Worker Threads


Worker threads are an elegant solution to a number of problems about concurrent processing; for example, the need to keep the GUI active while a computation is being performed. This essay addresses some of the issues of using worker threads. A companion essay talks about some techniques dealing with user-interface threads.

Why Worker Threads?

Consider a simple implementation of a program. For our purposes, the program has the task of inverting the color of every pixel of an image, just because we sometimes need a concrete example to illustrate techniques. For the sake of our example, we will assume that the image being processed is 10 megapixels of 24-bit color.

The GUI has a menu item or other means of saying "Invert it now". This calls the doInvert method on the view class:

void CMyView::doInvert()
     for(int x=y = 0; y < image.height; y++)
          for(int x = 0; x < image.width; x++)
              changePixel(x, y);

This is a perfectly correct program.

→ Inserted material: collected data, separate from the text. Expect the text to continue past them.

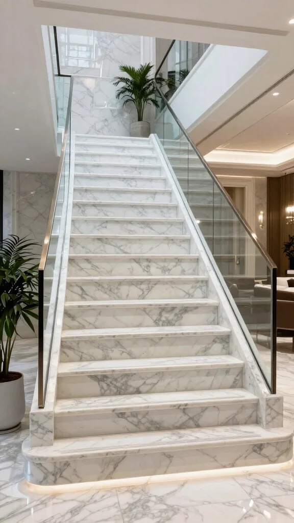 Use marble finishes for a touch of luxury that elevates the overall look of your stairway design.
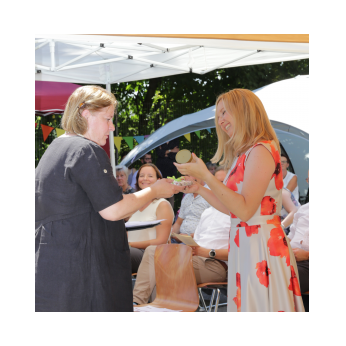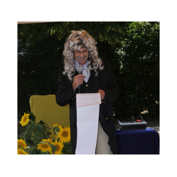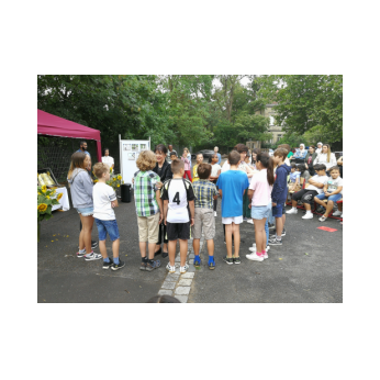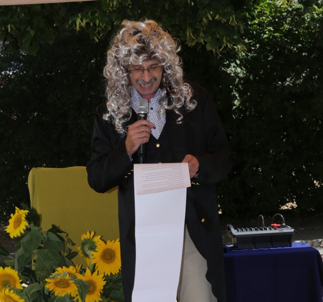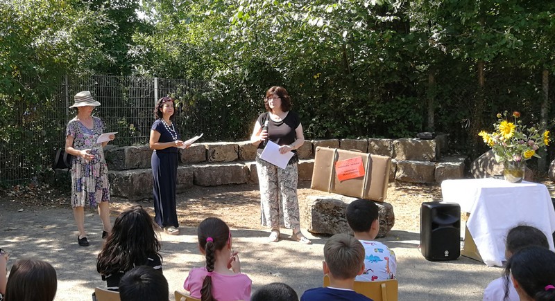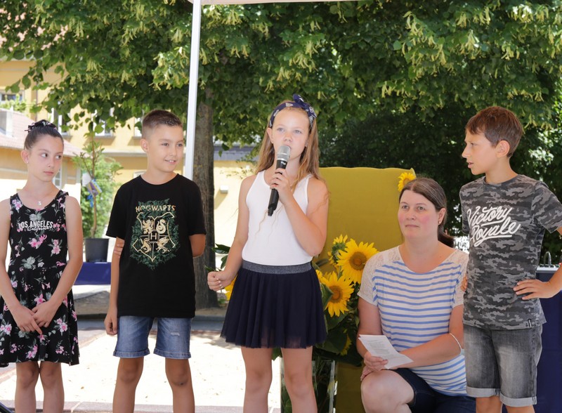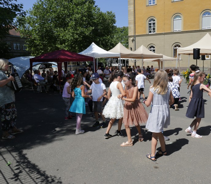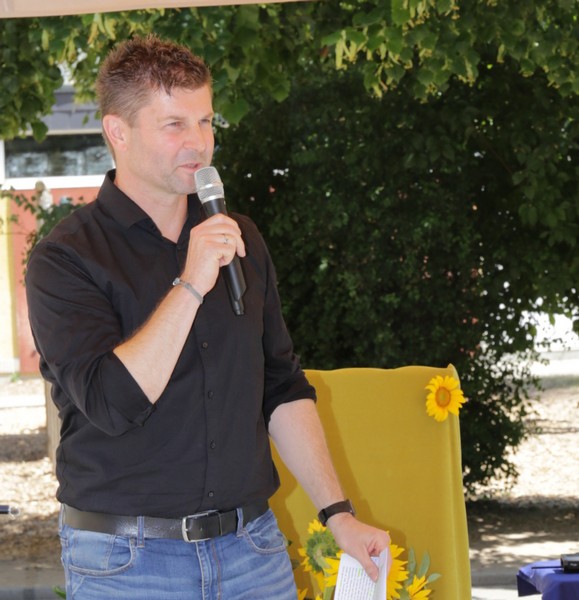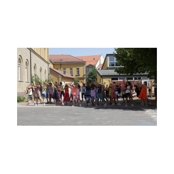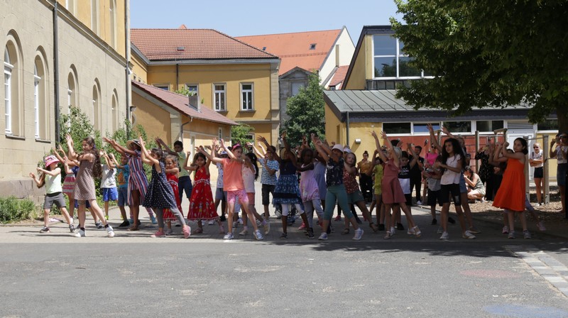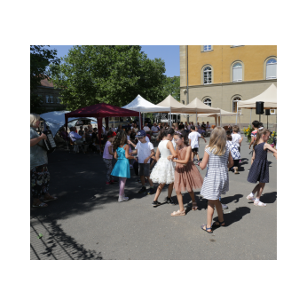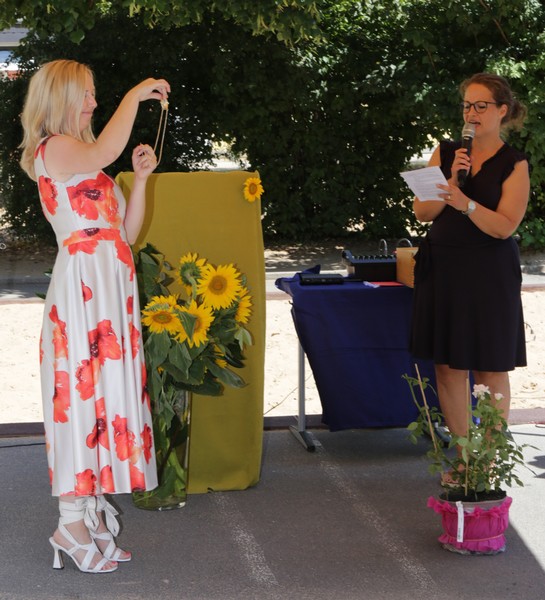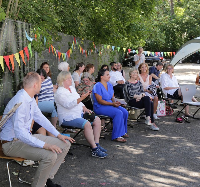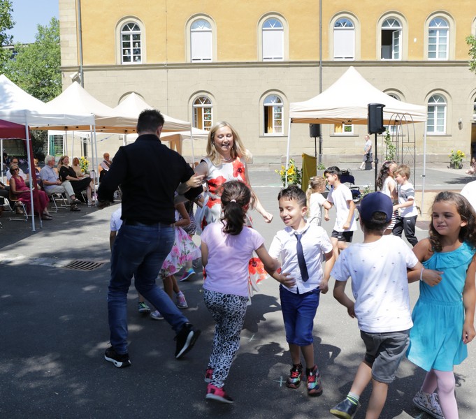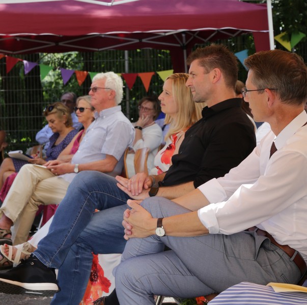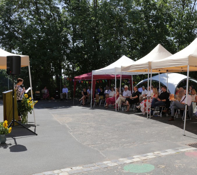 Bei sommerlichen Temperaturen fanden sich zahlreiche Gäste im Hof der Friedrich-Rückert-Grundschule ein, um nun auch offiziell die Amtseinführung von Frau Sabrina Neckov als neue Schulleiterin nachzuholen. Nach der Begrüßung durch Konrektorin Tanja Kärpf überbrachte Oberbürgermeister Sebastian Remelé ein Grußwort als Vertreter der Stadt Schweinfurt. Schulamtsdirektorin Stefanie Schiffer gab einen Überblick über den Werdegang der neuen Rektorin und Tomi Neckov sprach einige Worte in seiner Funktion als Vorsitzender des Personalrates. Einen ganz besonderen Festredner schickten die Schulleiterinnen und Schulleiter der Schweinfurter Grundschulen: Friedrich Rückert persönlich wünschte der neuen Chefin „seiner Immobilie“ – nach einigen kritischen Anmerkungen in Richtung Stadt und Politik - alles Gute für ihr neues Amt. Auch der Elternbeirat und das Kollegium schlossen sich den Glückwünschen an und überbrachten Blumen und allerlei nützliche Geschenke zur Bewältigung der neuen Aufgaben. Untermalt und aufgelockert wurden die zahlreichen Reden durch einen traditionellen Rundtanz der Klassen 1a und 1b, einen modernen Tanz der Ganztagsklassen und einen Gedichtbeitrag der Klasse 3b. Bei so einem feierlichen Ereignis durfte natürlich der Lehrerchor nicht fehlen, der dieses Mal durch eine Elvis-Presley-Rock‘n-Roll-Tanzeinlage ergänzt wurde. Nach einigen Dankesworten an Unterstützer und Wegbegleiter skizzierte die frischgebackene Schulleiterin ihre Ziele und Vorstellungen von Schule. Im Schatten der Bäume fand sich bei einem multikulturellen Buffet noch genügend Zeit für gute Gespräche.
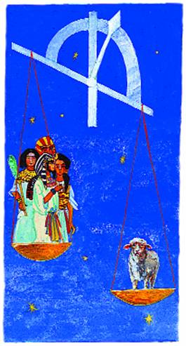 – Мои верные слуги, увидел я во сне весы. На одной чаше – вся знать Египта, а на другой – один белый барашек, который перевесил…Что это значит?
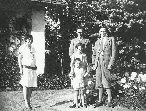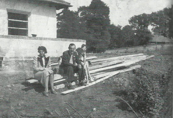 Leon z żoną Krystyną i siostrą Zofią na pagórku, koniec lat 30-tych, zdjęcie wykonane od południowej strony budynku, w prawym rogu widoczne stodoły dworskie (fot. "Małe Ojczyzny - Odonów")
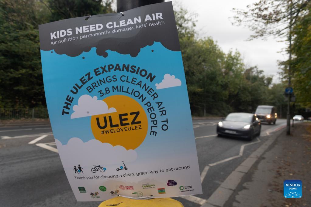 A ULEZ (ultra low emission zone) sign is seen in London, Britain, Oct. 26, 2021. The 26th United Nations Climate Change Conference of the Parties (COP26) will be held from Oct. 31 to Nov. 12 in Glasgow. (Photo by Ray Tang/Xinhua)
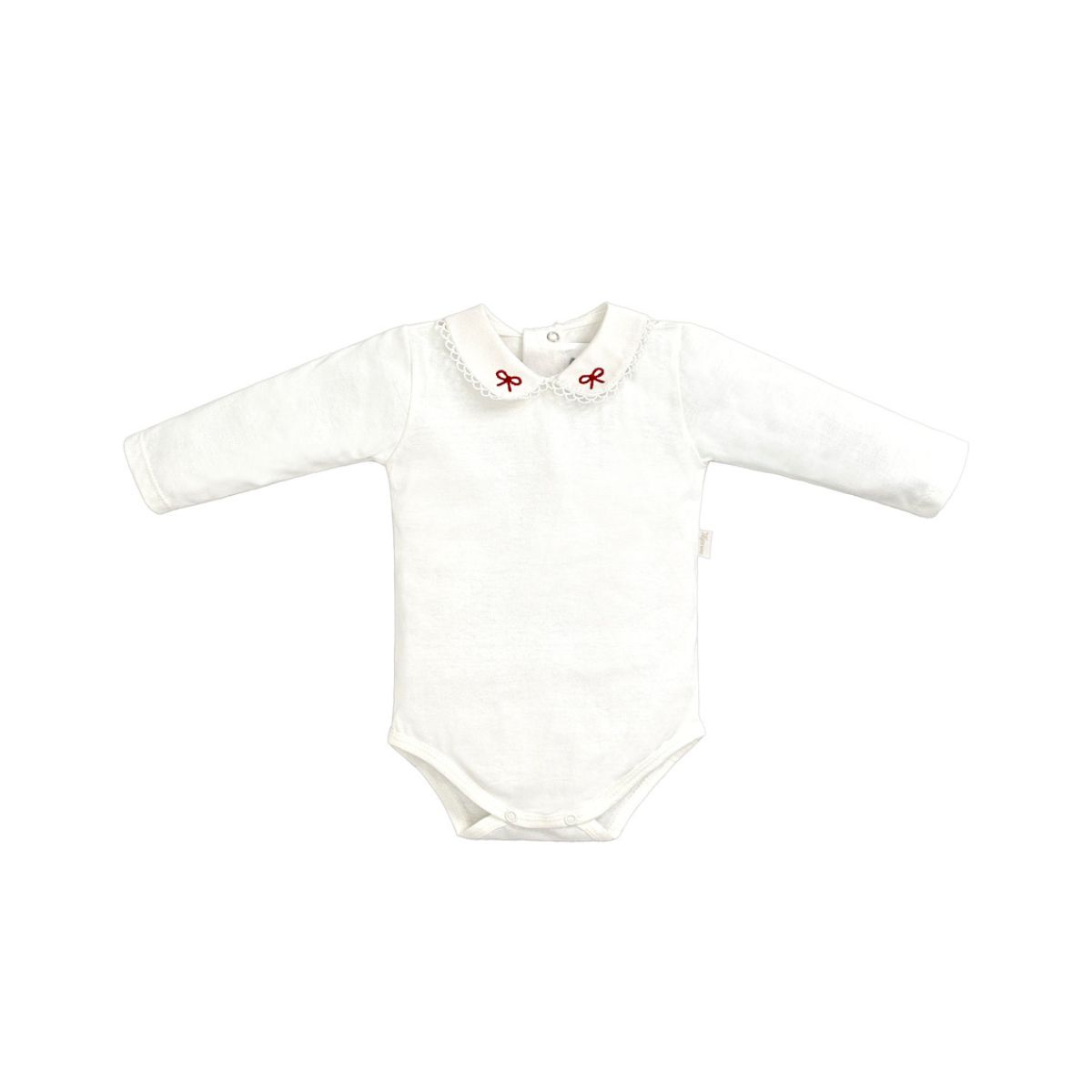 O Body Bebê Manga Longa com Gola Bordada e Laço é perfeito para quem busca delicadeza, conforto e um toque sofisticado no visual do bebê.

It traverses all 10 megapixels, happily changing the pixels, until it completes. But it is not a good implementation.

Why not? Because the entire GUI is dead until the operation completes. This means that for some long duration, the user is forced to wait while the operation proceeds, and there is absolutely nothing that can be done about it. If the user decides that the transformation is bogus, and wants to stop it, well, tough. It is going to complete anyway.